See the Behcet's Syndrome International Study Group Criteria calculator.

Considering the above diagnostic criteria, case presentation often includes the following characteristics:

Multiorgan system involvement, often beginning with mucocutaneous involvement and usually sparing the liver, kidneys, and heart
Age of 25-35 years at onset
Organ-specific manifestations characterized by exacerbations and a relapsing/remitting course

In 2014, the International Team for the Revision of the International Criteria for Behçet's Disease (ICBD) proposed a set of diagnostic criteria including vascular and neurologic involvement (see the table below).
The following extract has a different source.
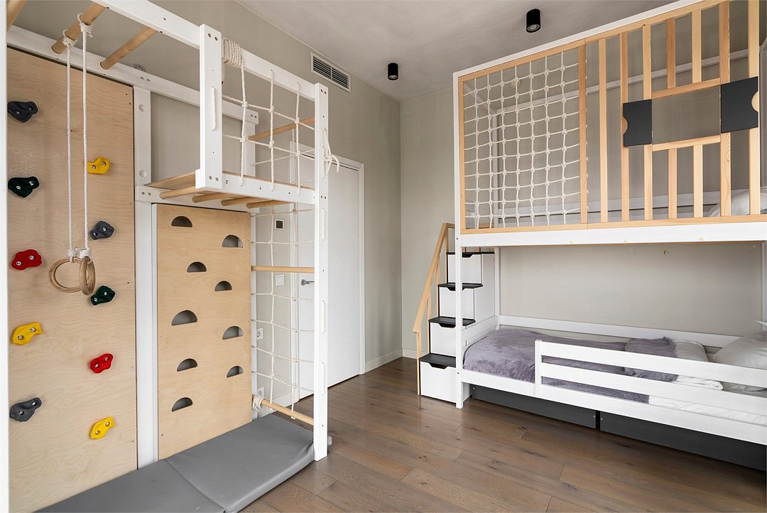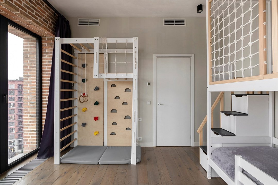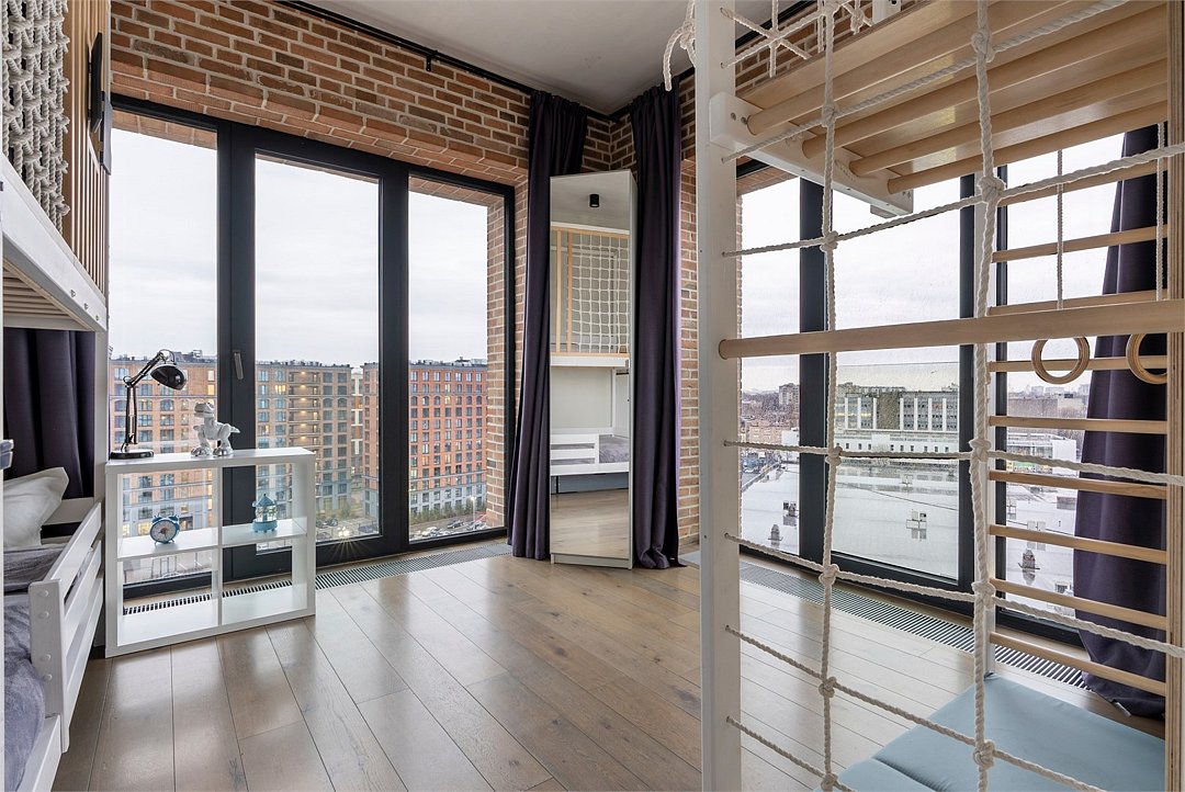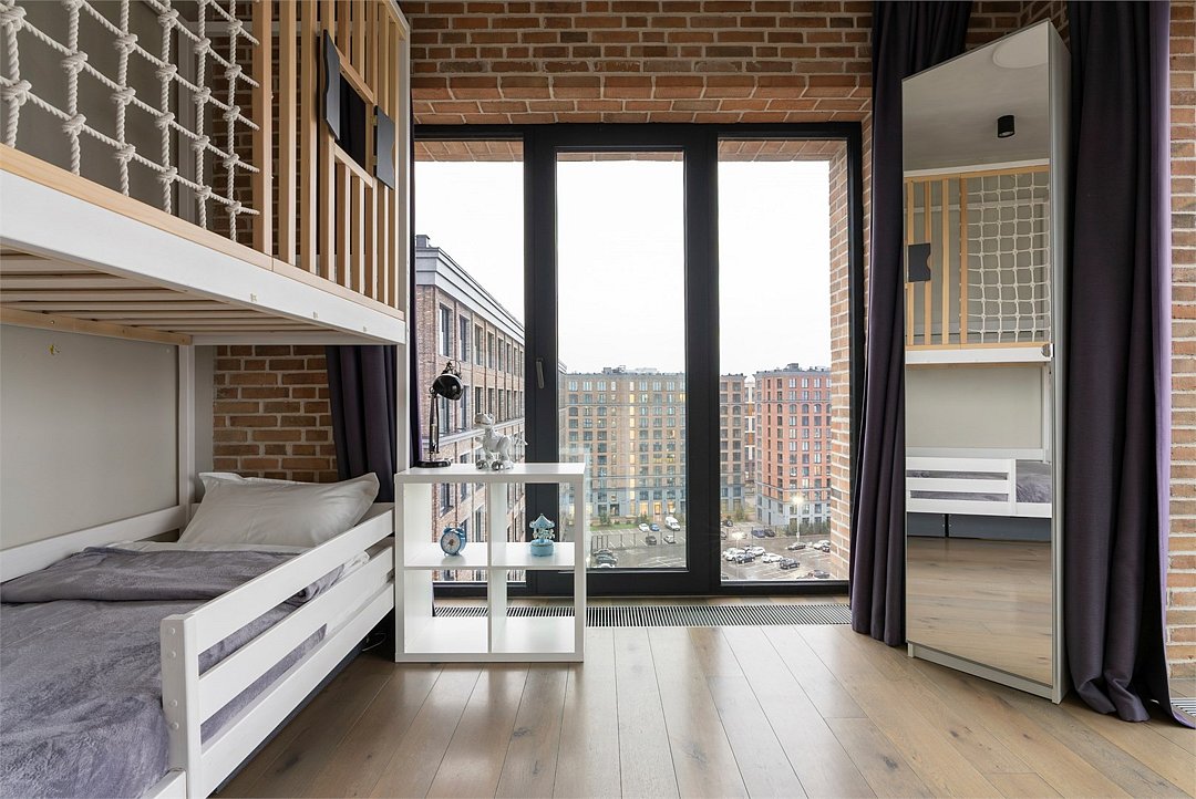 Эксклюзивный апартамент с ДЕТСКОЙ комнатой на 10 этаже площадью 70 м² c 2-мя спальнями и кухней-гостиной с видом из панорамных окон на тихий внутренний двор лофт-квартала и на историческую часть Петербурга идеально подойдет для семейной пары с детьми до 6-ти гостей. Детская комната, которая станет любимым местом ваших детей: мебель из экологичных материалов, спортивный комплекс и двухъярусная кровать в морском стиле. В апартаменте есть все необходимое: климатконтроль, двуспальная кровать King size и двухъярусная кровать в детской, удобный раскладной диван (шириной 160 см), просторная кухня-гостиная с обеденной группой, индукционная плита, духовка, микроволновая печь, холодильник, чайник, посуда, столовые приборы, кофеварка, гардеробный шкаф с утюгом и гладильной доской, душевая, фен, гигиенические принадлежности, набор полотенец, стиральная и сушильная машины, тапочки. В стоимость проживания не включена ежедневная уборка со сменой постельного белья и полотенец — оплачивается дополнительно по запросу.Услуги и удобства

The ICBD has considerably higher sensitivity than the ISG criteria (94.8% versus 85.0%, respectively) but somewhat lower specificity (90.5% versus 96.0%, respectively).^[44]

Table. International Criteria for Behçet's Disease (Open Table in a new window)

Sign/Symptom	Points
Genital aphthosis	2
Oral aphthosis	2
Skin lesions	2
Neurologic manifestations	1
Vascular manifestations	1
Positive pathergy test (optional)	1

Patients with an ICBD score of 4 or higher are classified as having Behçet disease.^[44]

Skin and mucous membrane manifestations

Painful oral lesions (aphthous or herpetiform) are one of the criteria for diagnosis and may be the first manifestation (70% of cases). See the image below.

Oral aphthous ulcers secondary to Behçet disease.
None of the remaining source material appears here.